Thursday, September 8, 2011

9.1 Percent Plus One


A friend of mine where I work was fired today, which means he has the happy prospect of looking for work while the unemployment rate is 9.1 percent and the economy is sliding back into recession.

I was on the road when it happened and didn't find out until I got back. I just called him and from the sound of him, I don't quite think he'll be listening when President Barak Obama gives his Jobs Speech tonight, because I don't think he'll be quite conscious.

I won't be listening either. I have to sleep so I can go in a midnight, but I know what the president will say as sure as if I had the full text of the speech in front of me.

The president will read a slick sounding speech with which he will try to position himself for his re-election.

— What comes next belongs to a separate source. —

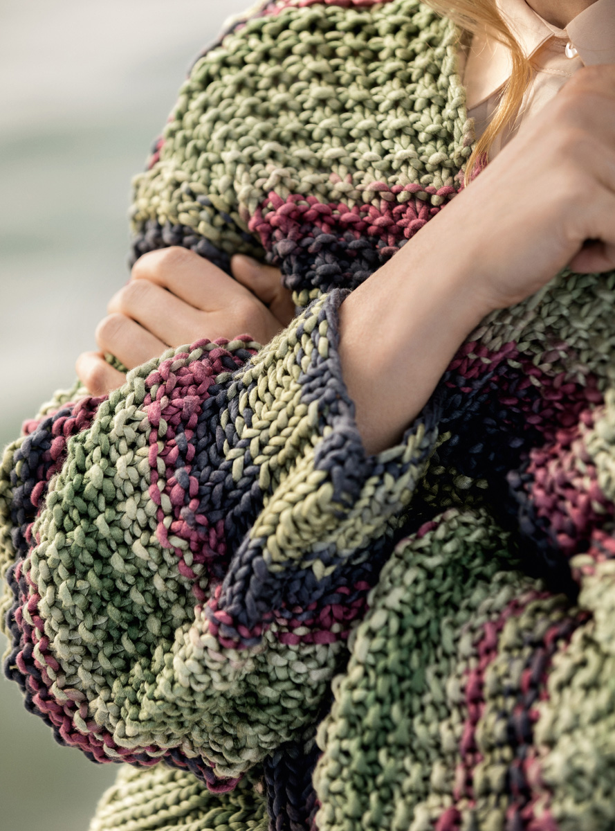 Lana Grossa About Berlin Bulky (50% хлопок, 50% микромодаль, длина нитки 47 m/50 g), 600 (650 – 700) г тростник зеленый/антрацитовый/ягодный/серо-зеленый цв 104); сп. № 9 и 10, 1 крючок № 8
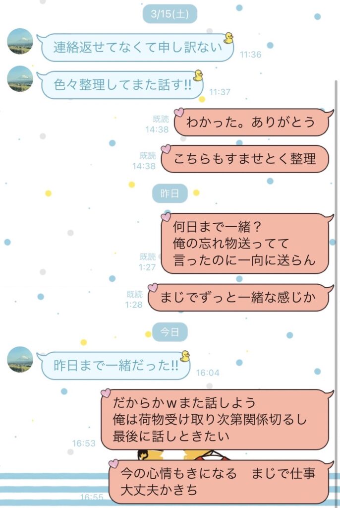 恋人関係は解消(以前からこういうやり取りは何度もあったのでそこまで大きく考えていなかった)

Expect some populist rhetoric as he tries to shift blame from himself to the Republicans for what has become a chronically high unemployment rate.

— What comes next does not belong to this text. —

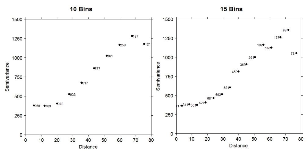 除了玩cutoff距离之外,还要注意在半方差图上支持每个bin的np (点对)。例如,使用您更新的proj4string信息,我尝试了cutoff=80和width=80/10 (10个桶而不是15个)来查看半变函数形状是如何变化的。当点对存在时,从15箱减少到10桶并不会改变,只会增加每个bin所代表的距离。而且,这种方法并不一定是您应该使用的方法,但它是一个示例,说明了如何为更平滑的样本半变量函数更改回收箱(但更平滑并不意味着更好)。

He'll make some noise about making the wealthy start helping the working class pay to run this country, something he has little or no interest in actually doing.

He might even accomplish some of what he proposes tonight, but since most of what he proposes tonight won't help the economy until after the election, he's probably banking on the Republican refusing to pass any of it and then using that to campaign on.

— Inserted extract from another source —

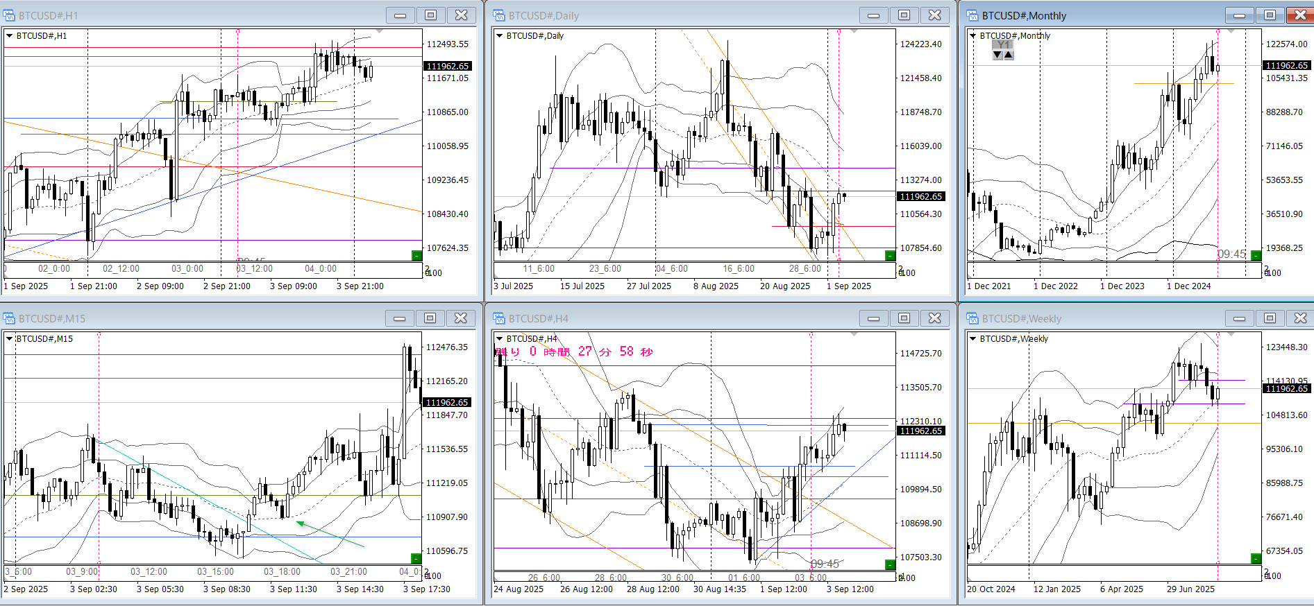 週足のダウ継続点割って来てるので、ポテンシャル的には月足ダウの流れに回帰して上限突破していく

And the Americans who he has left to their own devices all this time -- those who can't find work, those whose unemployment benefits have long since run out, those who are up to their necks in debt and still sinking, those who have lost their homes in the million foreclosures per year since Obama took office -- will have one more empty water glass with which to wash down the bitter pill that has become their existence.


There is a bright spot. The president's speech will consume the news cycle for 24 hours. We'll get a one-day reprieve from idiotic reflections about 9/11 from reporters who might be able to reflect on their last workout or the wardrobe selections they made this morning, but not much else.